Par un mémoire en défense enregistré le 7 mai 2024, le préfet de la Haute-Garonne conclut au non-lieu à statuer.

Il soutient que le requérant bénéficie d'un logement depuis le 9 avril 2024.

M. A a été admis au bénéfice de l'aide juridictionnelle totale par une décision du 14 décembre 2022.

Vu les autres pièces du dossier.

Vu :

- le code de la construction et de l'habitation ;

- le code de justice administrative.

La présidente du tribunal a désigné M. Grimaud, vice-président, pour statuer sur les litiges visés à l'article R. 222-13 du code de justice administrative.

Le magistrat désigné a dispensé la rapporteure publique, sur sa proposition, de prononcer des conclusions à l'audience.

Les parties ont été régulièrement averties du jour de l'audience.

Ont été entendus au cours de l'audience publique :

- le rapport de M. Grimaud, président, magistrat désigné ;

- et les observations de Me Laspalles, représentant le requérant.

La clôture de l'instruction a été prononcée après ces observations orales en application des dispositions de l'article R. 778-5 du code de justice administrative.

Considérant ce qui suit :

1. M. A, qui désire bénéficier d'un hébergement durable, a présenté un recours devant la commission de médiation compétente pour le département de la Haute-Garonne le 1er mars 2022 sur le fondement du III de l'article L. 441-2-3 du code de la construction et de l'habitation. Sa demande a été rejetée le 5 avril 2022.

Sur les conclusions à fin d'admission au bénéfice de l'aide juridictionnelle provisoire :

2. M. A a été admis au bénéfice de l'aide juridictionnelle totale par une décision du 14 décembre 2022. Il n'y a pas lieu, par suite, de statuer sur ces conclusions.

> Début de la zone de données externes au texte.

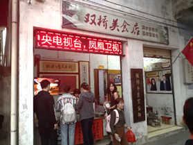 (马会长带领同学们品尝逢简水乡当地的美食)

Sur les conclusions à fin d'annulation et d'injonction :

3. Le préfet de la Haute-Garonne fait valoir en défense que M. A bénéficie d'un logement social au terme d'un bail conclu avec l'association Robert Monier et ce depuis le 9 avril 2024. Le requérant ne conteste ni cette affirmation, ni le caractère adapté de ce logement. Sa requête est dès lors privée d'objet et il n'y a plus lieu de statuer sur ses conclusions à fin d'annulation et d'injonction.

Sur les frais liés au litige :

4. M. A a obtenu le bénéfice de l'aide juridictionnelle totale. Par suite, son avocat peut se prévaloir des dispositions combinées de l'article L. 761-1 du code de justice administrative et de l'article 37 de la loi du 10 juillet 1991 susvisée. Il y a lieu, dans les circonstances de l'espèce, et sous réserve que Me Laspalles renonce à percevoir la somme correspondant à la part contributive de l'Etat, de mettre à la charge de l'Etat le versement à Me Laspalles de la somme de 700 euros.

D E C I D E :

Article 1erer : Il n'y a pas lieu de statuer sur la demande d'admission provisoire au bénéfice de l'aide juridictionnelle de M. A, ainsi que sur ses conclusions à fin d'annulation et d'injonction.

Article 2 : L'État versera la somme de 700 (sept cents) euros à Me Laspalles en application des dispositions de l'article L. 761-1 du code de justice administrative et de l'article 37 de la loi du 10 juillet 1991 relative à l'aide juridique, sous réserve que Me Laspalles renonce à percevoir la somme correspondant à la part contributive de l'État au titre de l'aide juridictionnelle.

Article 3 : Le surplus des conclusions de la requête est rejeté.

Article 4 : Le présent jugement sera notifié à M. C A, à Me Laspalles et au ministre de la transition écologique et de la cohésion des territoires.

Copie en sera adressée au préfet de la Haute-Garonne.

Rendu public par mise à disposition au greffe le 17 juillet 2024.

Le magistrat désigné,

P. GRIMAUDLa greffière,

M. B

La République mande et ordonne au ministre de la transition écologique et de la cohésion des territoires en ce qui le concerne ou à tous commissaires de justice à ce requis, en ce qui concerne les voies de droit commun contre les parties privées, de pourvoir à l'exécution du présent jugement.